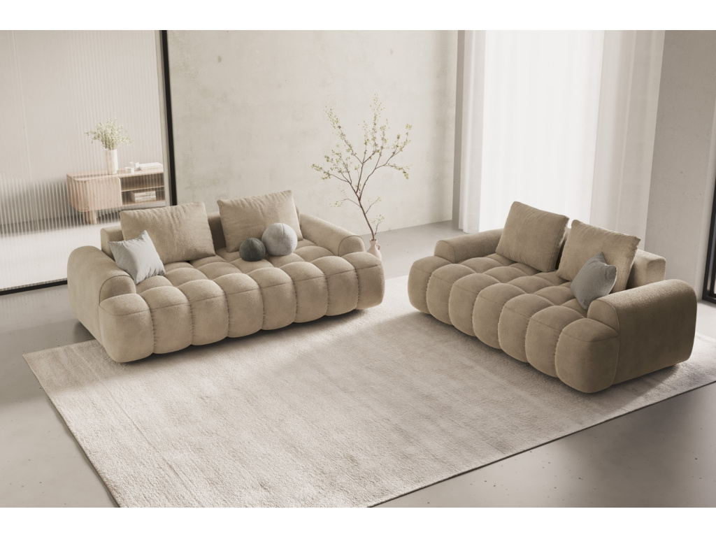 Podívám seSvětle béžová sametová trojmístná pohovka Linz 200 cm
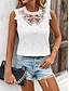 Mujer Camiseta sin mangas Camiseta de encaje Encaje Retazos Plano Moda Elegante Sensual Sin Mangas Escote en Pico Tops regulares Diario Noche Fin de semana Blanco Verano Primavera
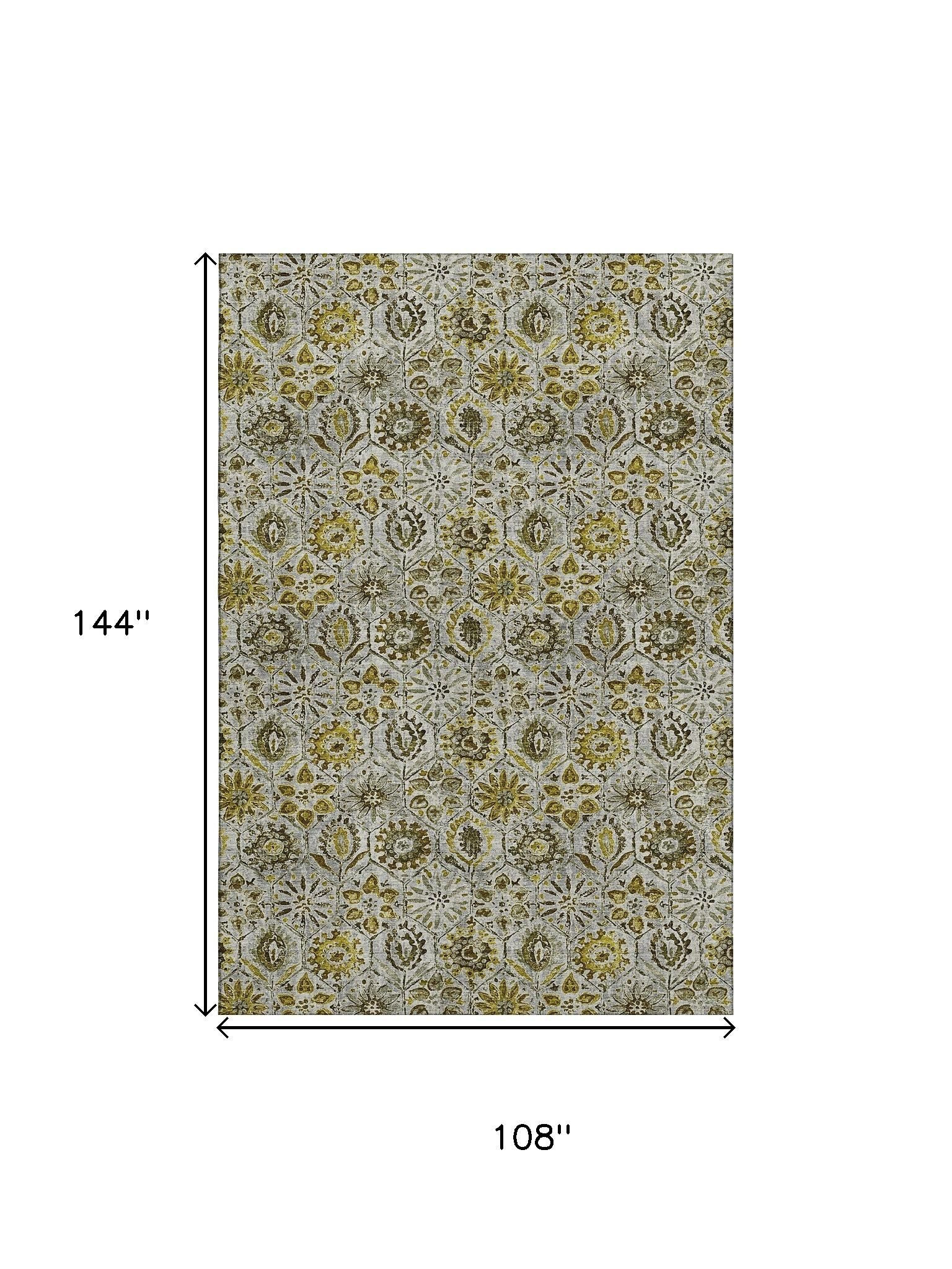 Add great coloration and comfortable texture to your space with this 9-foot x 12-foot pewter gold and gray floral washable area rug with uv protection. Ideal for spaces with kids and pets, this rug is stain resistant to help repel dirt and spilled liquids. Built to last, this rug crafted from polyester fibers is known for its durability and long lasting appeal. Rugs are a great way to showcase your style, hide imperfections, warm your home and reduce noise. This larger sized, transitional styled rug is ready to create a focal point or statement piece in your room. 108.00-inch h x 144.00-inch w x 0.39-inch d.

------------------------------

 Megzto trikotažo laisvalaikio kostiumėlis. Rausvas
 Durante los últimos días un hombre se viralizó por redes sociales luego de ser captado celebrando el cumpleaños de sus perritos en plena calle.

------------------------------

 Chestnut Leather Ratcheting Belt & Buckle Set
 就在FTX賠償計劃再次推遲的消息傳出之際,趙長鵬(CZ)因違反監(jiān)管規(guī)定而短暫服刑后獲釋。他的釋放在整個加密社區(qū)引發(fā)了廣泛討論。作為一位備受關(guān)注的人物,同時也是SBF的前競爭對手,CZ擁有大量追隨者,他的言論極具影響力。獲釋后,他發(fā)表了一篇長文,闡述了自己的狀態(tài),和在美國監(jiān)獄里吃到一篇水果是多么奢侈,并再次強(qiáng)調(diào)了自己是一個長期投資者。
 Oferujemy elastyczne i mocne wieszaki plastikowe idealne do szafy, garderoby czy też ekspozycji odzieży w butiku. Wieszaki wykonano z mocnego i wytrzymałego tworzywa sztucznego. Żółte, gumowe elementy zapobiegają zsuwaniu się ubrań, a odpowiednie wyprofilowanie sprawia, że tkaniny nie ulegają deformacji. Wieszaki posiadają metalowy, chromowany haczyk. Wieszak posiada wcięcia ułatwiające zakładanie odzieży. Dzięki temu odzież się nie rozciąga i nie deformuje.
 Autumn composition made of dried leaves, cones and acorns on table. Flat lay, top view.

------------------------------

- _Task details_:
Leaving every picture aside, reproduce exactly the lines above from the one with "Podívám seSvětle béžová" up to and including the one with "Mujer Camiseta sin", and no others.

- _Answer for the task_:
 Podívám seSvětle béžová sametová trojmístná pohovka Linz 200 cm
 Mujer Camiseta sin mangas Camiseta de encaje Encaje Retazos Plano Moda Elegante Sensual Sin Mangas Escote en Pico Tops regulares Diario Noche Fin de semana Blanco Verano Primavera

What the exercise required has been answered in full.